Subcooling of condensed liquid stream 78 in heat exchanger 58 reduces the quantity of flash vapor (strum 83) generated during expansion of the stream to the operating pressure of LNG storage tank 61. This generally reduces the specific power consumption for producing the LNG by reducing the power consumption of flash gas compressors 63 and 65. However, as illustrated in FIG. 8 and by the dashed lines in FIGS. 4 through 7, some circumstances may favor reducing the capital cost of the facility by eliminating heat exchanger 58 in its entirety. As also illustrated in FIG. 8 and by the dashed lines in FIGS. 4 through 7, the quantity of tower bottoms stream 77 may be such that using the flash expanded stream 77 a for heat exchange may not be warranted. In such cases, the flash expanded stream 77 a could be supplied at an appropriate feed location directly to fractionation tower 17 as shown.

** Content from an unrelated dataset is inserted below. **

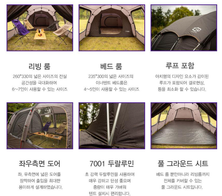 이너 텐트를 설치하고도 남는 공간이 더 넓어져서 물건 놓기에도 편리하고, 부모님도 더 좋아하셨어요. 사계절 사용해도 불편함이 없어서 앞으로의 캠핑때도 이 텐트를 쭉 사용할 것 같네요!

Although individual am expansion is depicted in particular expansion devices, alternative expansion means may be employed where appropriate. For example, conditions may warrant work expansion of the substantially condensed feed stream (stream 71 a in FIGS. 5, 6, and 8) or the LNG purification tower bottoms stream (stream 77 in FIGS. 4 through 8). Further, isenthalpic flash expansion may be used in lieu of work expansion for subcooled liquid stream 82 in FIGS. 4 through 7 or condensed liquid stream 73 in FIG. 8 (with the resultant increase in the relative quantity of flash vapor produced by the expansion, increasing the power consumption for flash vapor compression), or for vapor stream 72 in FIGS. 4 and 7 (with the resultant increase in the power consumption for compression of the second residue gas).
While there have been described what are believed to be preferred embodiments of the invention, those skilled in the art will recognize that other and further modifications may be made thereto, e.g. to adapt the invention to various condition, types of feed or other requirements without departing from the spirit of the present invention.